Sunday, October 11, 2009

Milton's Satan

Satan As A Serpent, Enters Paradise In Search Of Eve, by Gustave Dore 1832-1883

"... Then from his loftie stand on that high Tree
Down he alights among the sportful Herd
Of those fourfooted kindes, himself now one,
Now other, as thir shape servd best his end
Neerer to view his prey, and unespi'd
To mark what of thir state he more might learn
By word or action markt: about them round
A Lion now he stalkes with fierie glare,
Then as a Tyger, who by chance hath spi'd
In some Purlieu two gentle Fawnes at play,
Strait couches close, then rising changes oft
His couchant watch, as one who chose his ground
Whence rushing he might surest seize them both
Gript in each paw..." (Paradise Lost Book Four)

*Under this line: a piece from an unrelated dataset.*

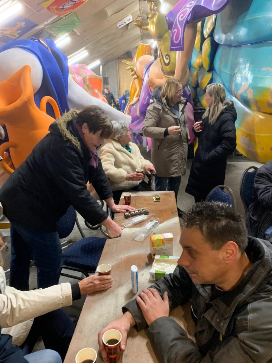 • In een andere loods werkten jongeren en ouderen zij aan zij aan de carnavalswagen: plakken, knippen, schilderen – met zichtbaar plezier en toewijding.
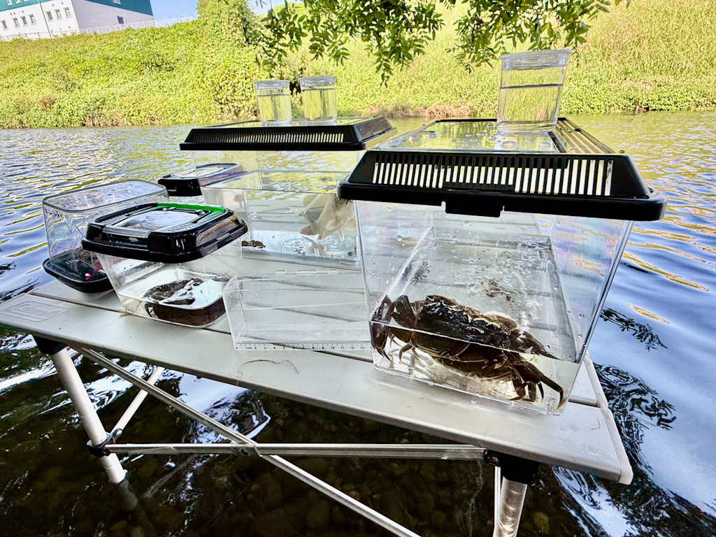 自然体験・河川生態学習は、多摩川の支流の「野川」で実施しました。野川では、講師の工藤さんが、直前に周辺で採取したカニや魚などの生きものと共に、我々を待っていてくださいました。

In order to get closer to Adam and Eve, Satan momentarily embodies a number of animals that already exist in the garden. Initially he surveys Eden from his “lofty stand” on a “high tree” (4.395). Then he decides to get closer, so he “alights” from the tree and starts to mingle with the “four-footed” beasts (4.396-397). He does this primarily by taking on the shape of any animal that “serve[s] best his end” to spy on “his prey” (read Adam and Eve) (4.398-399). What is intriguing is how the behaviour of the animals change as he possesses them. Once Satan enters the lion, it starts to “stalk with fiery glare” (4.402). As he takes on the form of the tiger, it “couches close… watching” two fawns at play (4.405-405). The pattern shows that each animal he embodies starts to prowl, stalk, and monitor their prey. This picture is markedly different from the one shown before Satan entered Eden. In the pre-lapsarian garden, those same animals were initially found “frisking” (4.340), playing, and gamboling in Eden. Here Milton is showing how Satan’s blood-thirsty nature still shines through as he possesses any one of those animals, who now behave with intent to kill. It reveals a similar transformation to those found in Ovid’s Metamorphoses. Numerous episodes in that work show how an essential characteristic, be it Io’s beauty or Lycaon’s bestial nature, shines through after transformation takes place. In Satan’s case, his evil tendencies never leave him. He retains his essential nature, even when he shape-shifts into an animal. This is significant because it reveals his true character, which is evil.